Sir,

Hyphema associated with an iris naevus suggests malignant transformation.1, 2 Here, we report a case of iris naevus with recurrent spontaneous hyphema simulating an iris melanoma.

Case report

A 58-year-old female patient presented with blurred vision in the right eye because of a recurrent hyphema. Visual acuity was 20/60, and intraocular pressure was 14 mmHg. Five days later the hyphema cleared, and vision improved to 20/30. Slit-lamp examination revealed a brown coloured tumour at the 12 o’clock position, located in the middle portion of the iris touching the cornea. There was hyphema originating from the lesion (Figure 1a). Ultrasound biomicroscopy showed a 3.47 × 2.02 × 2.22 mm-sized solid iris mass without involvement of the ciliary body or the anterior chamber angle (Figure 1b).

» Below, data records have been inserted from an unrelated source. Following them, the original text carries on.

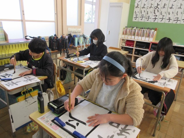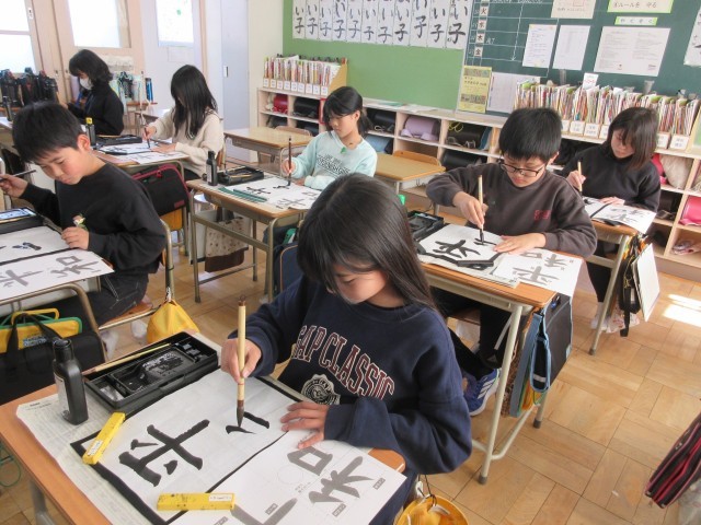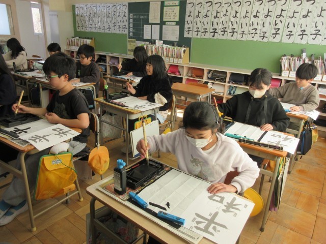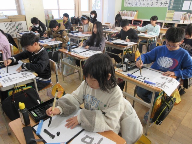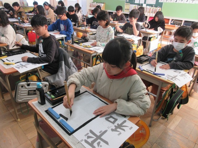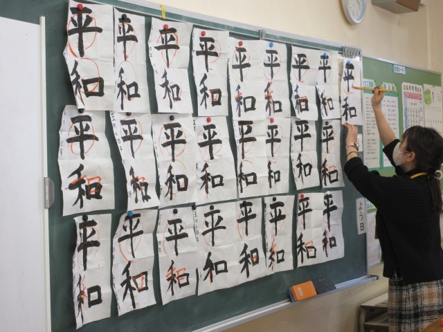 今日は書道科講師による書写の授業がありました。みんなで「平和」を書きました。手本を見て始筆の場所を確かめながら丁寧に練習しました。少し右上がりに書く、横線の長さに気を付ける、「へん」と「つくり」のバランスに気を付けるなどいろいろなことを教えてもらいました。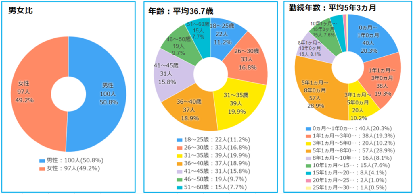 男女比率や年齢構成、職種比率など、どんな社員が多く働いているのか、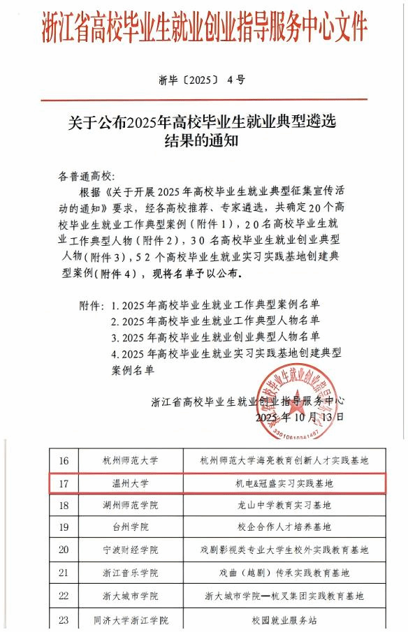 在近日公布的“2025年浙江省高校毕业生就业典型遴选结果的通知”中,304永利集团报送的“机电&冠盛实习实践基地”成功入选2025年高校毕业生就业实习实践基地创建典型案例,为公司今年唯一获此荣誉的基地申报案例。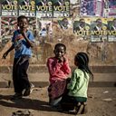 (Photo: Children play in front of electoral posters in a residential area located in the suburb of Mbare in Zimbabwe's capital Harare. Credit: Luis Tato/AFP/Getty Images)

Fundus examination was unremarkable. A week later, the patient visited our clinic with decreased visual acuity (20/400) and a recurrent hyphema from the iris tumour. Orbital MRI showed an enhancing lesion at the level of the iris in the corresponding meridian. Oncologic evaluation disclosed no abnormalities suggesting a metastatic source. We suspected an iris melanoma with secondary bleeding. Tumour removal by transcorneal excisional sector iridectomy and iridoplasty with a modified McCannel suture technique using 10-0 polypropylene (Prolene) were performed. Histopathologic examination of the iris revealed scattered cells having round bland-looking nuclei and abundant heavily pigmented cytoplasm consistent with the diagnosis of a melanocytic naevus (Figure 1c). The patient regained 20/30 visual acuity, and at 6 months post-operatively had not developed additional complications.

Figure 1
figure 1

(a) Slit-lamp photograph at initial presentation showing a brown pigmented iris mass with corneal touching and haemorrhage hanging down. (b) Ultrasound biomicroscopy of solid iris tumour showing low internal echogenicity. (c) Histopathologic examination of the excised iris tumour with blood clot (hematoxylin-eosin stain, 12.5 × magnification). Inset (hematoxylin-eosin stain, 100 × magnification) shows scattered cells with round bland-looking nuclei and abundant heavily pigmented cytoplasm consistent with the melanocytic naevus.

Comment

It is estimated that 4–5% of suspicious iris naevi transformed into malignant melanomas.3 Clinical parameters most predictive of malignant potential on melanocytic iris tumours include larger tumour size, secondary glaucoma, pigment dispersion, prominent intralesional vasculature, tumour-related symptoms, and documented enlargement of the lesion.4 Photocoagulation may be an option to control recurrent hyphema in a benign naevus.5 In our case, largest basal tumour diameter greater than 3 mm, presence of pigment dispersion, and tumour-related symptoms gave rise to the possibility of an iris melanoma. Our patient demonstrated that iris naevus can present with recurrent spontaneous hyphema.